As a young man, Buffalo Bill lived an exciting life on the frontier. He delivered mail on the Pony Express, drove a stage coach, and was a scout for the United States Cavalry. His full name was Col. William F. Cody. By 1889, the year this portrait was painted, the Wild West was much tamer. Railroads had taken the place of the Pony Express and stage coaches. The Indian wars had ended. But he is painted in a fringed and embroidered buckskin jacket looking alertly around him from his handsome white horse as he might have done on a scouting mission. The short brownish-green grass and the low trees look like Nebraska, but the picture was painted near Paris.
Colonel Cody had discovered that people living in cities in the Eastern states wanted to see what it had been like out on the Great Plains. So he had put together ``Buffalo Bill's Wild West Show'' for them. It was so popular that he took it to England, and then to France. When the show took ship for Europe, a New York newspaper reported that his company had 115 Indians, including squaws and papooses, 48 cowboys, half a dozen women who could ride and shoot, 20 buffaloes, 25 mustangs, and 186 horses!

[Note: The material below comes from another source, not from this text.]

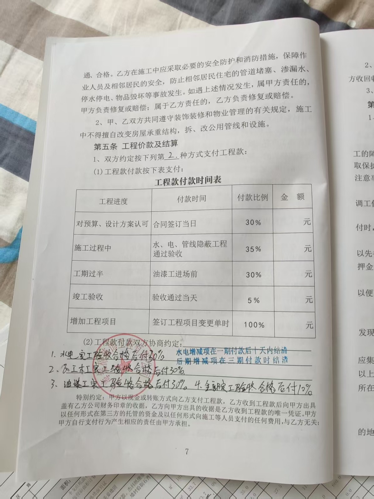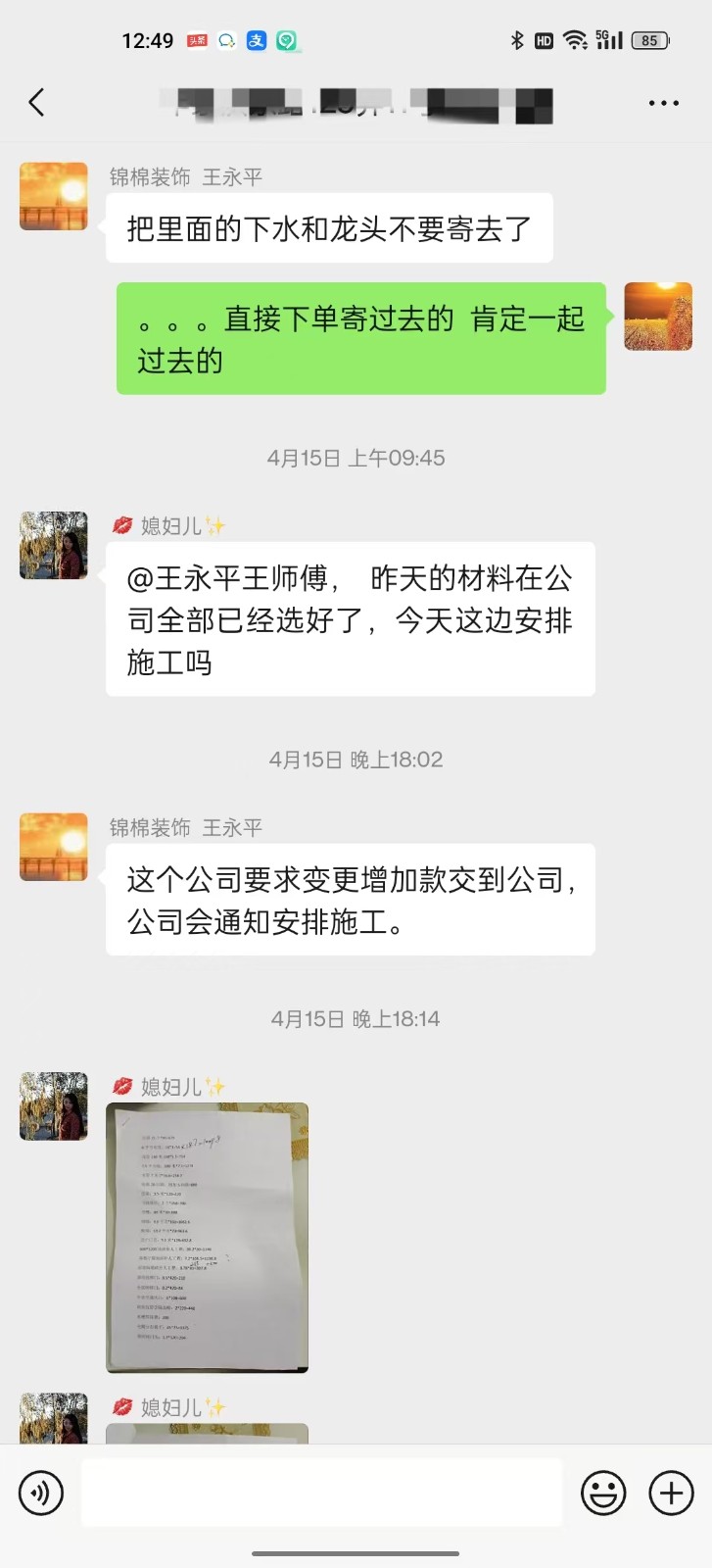到目前為止已經(jīng)繳納前期款項90%(第二筆款項約定是瓦工,木工驗收合格付30%(即5.04萬)。但木地板和柜門尚未安裝),在2025/4/12 號繳納完 第三筆款項5.04萬元后,裝修隊長就拋出了大筆的增項,施工前無任何告知,且揚(yáng)言只有跟公司付清了增項,才能開始后期的施工。

Although enormous crowds including kings and queens visited the show, no one was more keenly interested than the artist Rosa Bonheur. This unusual woman was already known for her animal paintings at the age of 19. She grew steadily more famous. She became attracted to the West when she met the American artist, George Catlin. He brought braves of the Iowa tribe as well as his paintings of Indian life to Paris in 1846. So, 43 years later, she eagerly made Buffalo Bill's acquaintance and invited him to her studio. He gave her permission to visit his Wild West Show at any time so that she could meet the Indian families.
The live buffaloes delighted her and she made 17 paintings of them, together with Indians. She also painted this portrait, which Cody liked so much that he had it shipped home to his wife at once. Later, it was widely used on his posters. Other advertisements showed Rosa Bonheur in the process of sketching him.

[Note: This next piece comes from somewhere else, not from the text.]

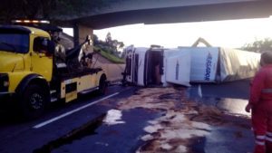 Carreta tomba na Freeway e deixa trânsito lento

These two very different people had much in common. Both loved animals. From childhood, Rosa had surrounded herself with as many animals, both domestic and wild, as she could. Buffalo Bill loved his beautiful horses and his shaggy buffaloes. They both felt women should have the right to vote and do things that only men did at that time. Women like Annie Oakley were employed in his Wild West Show as sharpshooters and riders at equal pay with the men. Rosa Bonheur liked to wear men's trousers and told her women pupils to be as diligent as men with their painting. She herself had gained all the highest honors the French art world could give and was famous in England and the United States as well.
Although they couldn't speak each other's language very well, it may have been this shared sense of what was right that helps to make this portrait so attractive and true.